If you are looking for a hearty, meat-free dinner that never feels like a compromise, the Mary Berry Vegetable Lasagne Recipe is exactly what you need. Packed with layers of tender roasted vegetables, a rich tomato sauce, and a smooth creamy béchamel, this dish is every bit as comforting as the classic meat version. It is straightforward to prepare, uses everyday ingredients, and delivers deep, satisfying flavor with every forkful. Perfect for weeknights, meal prepping, or feeding a crowd.
Ingredients for Mary Berry Vegetable Lasagne Recipe
Main Ingredients List
You will need 2 courgettes, 1 aubergine, 2 peppers, and 1 red onion — all diced. Use a 400g tin of chopped tomatoes, 2 tbsp tomato purée, 2 garlic cloves, 1 tsp dried oregano, and olive oil. For the white sauce: 50g butter, 50g plain flour, and 600ml milk. Finish with 9 to 12 lasagne sheets and 100g grated cheddar.
Substitutions and Variations
Swap in mushrooms, spinach, or butternut squash, depending on what you have. Gluten-free sheets work perfectly. A splash of red wine added to the tomatoes deepens the flavor nicely.

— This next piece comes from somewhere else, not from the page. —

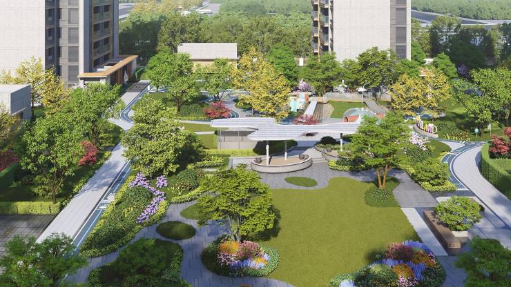 社区整体规划“两环两轴一心七园”,打造约12500㎡园区花园,下楼即享全龄生活场域,构建可生长的全龄友好乐园: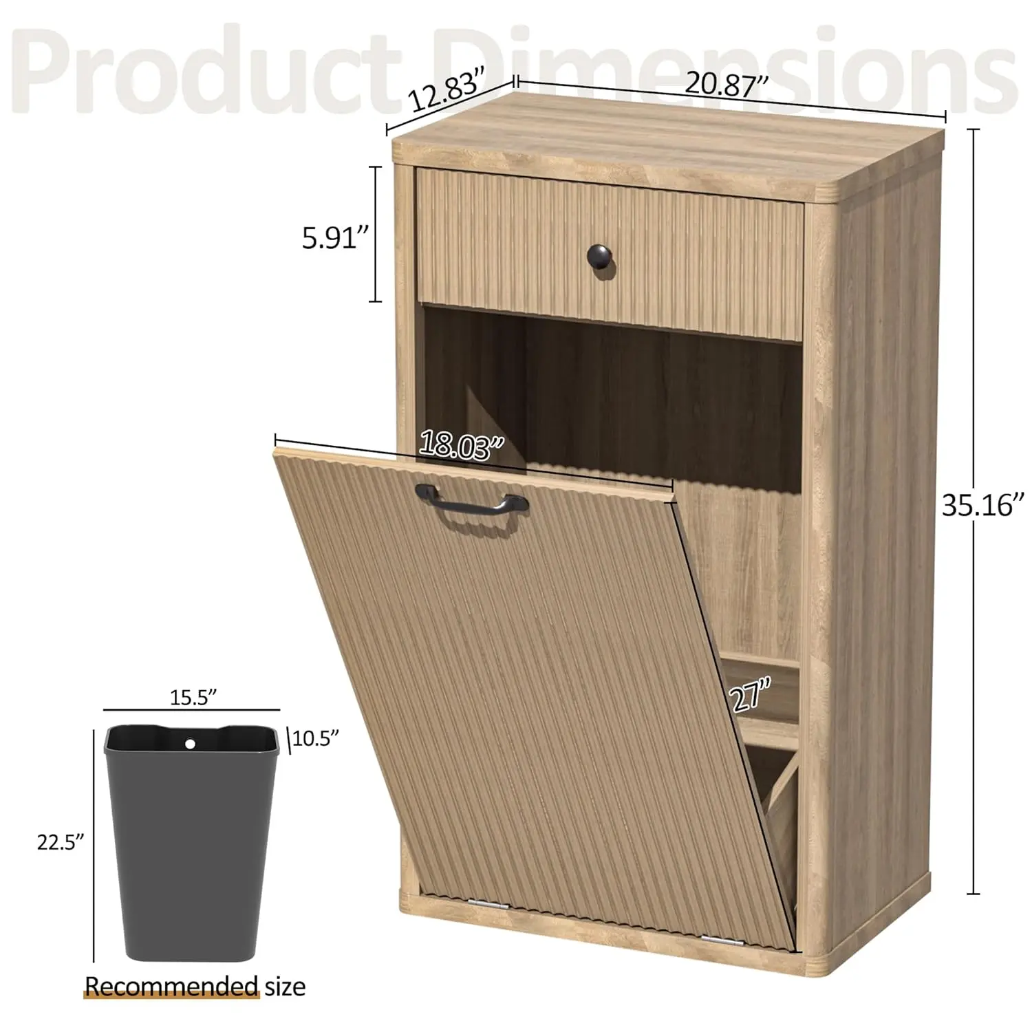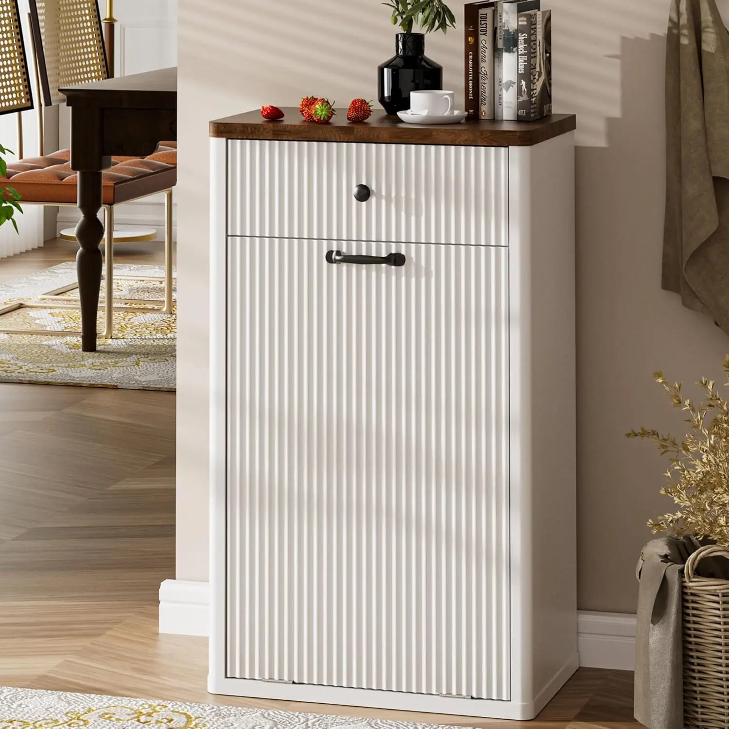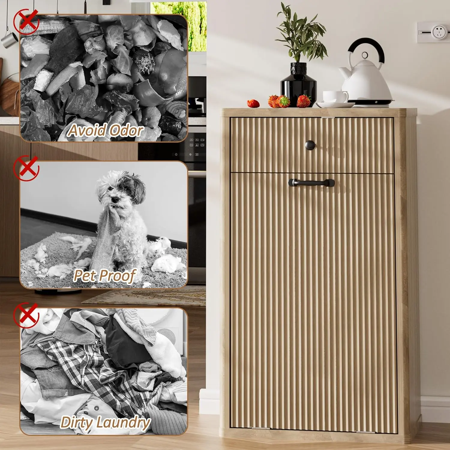 ·Modern Trash Can Cabinet: Tilt out trash cabinet is simple and practical. The unique fluted panels enhance the texture and boosting visual appeal. It can be easily incorporated into a variety of decorating styles. Perfect for dressing up your kitchen, living room, bathroom, dorm room, etc. It also can be used as a kitchen island and suitable to store dog food, cat food, etc.

Cooking Instructions – Step-by-Step Guide
- Preheat your oven to 200°C (180°C fan / Gas Mark 6).
- Toss the diced vegetables with olive oil, salt, and pepper, then roast on a lined tray for 25 minutes until tender.
- Heat olive oil in a saucepan, fry the garlic for one minute, then add the tomatoes, purée, and oregano.
- Simmer the sauce for ten minutes until thickened, then stir in the roasted vegetables.
- For the white sauce, melt the butter, stir in the flour, and cook for one minute.
- Gradually whisk in the milk and stir over medium heat until smooth and thick.
- Reduce the oven to 190°C. Spoon a third of the vegetable sauce into a deep baking dish.
- Layer lasagne sheets over the sauce, then add a third of the white sauce. Repeat twice more.
- Finish with a white sauce layer, and scatter grated cheese generously over the top.
- Bake for 35 to 40 minutes until golden and bubbling on top.
- Check doneness by sliding a knife through the layers — the pasta should be completely tender.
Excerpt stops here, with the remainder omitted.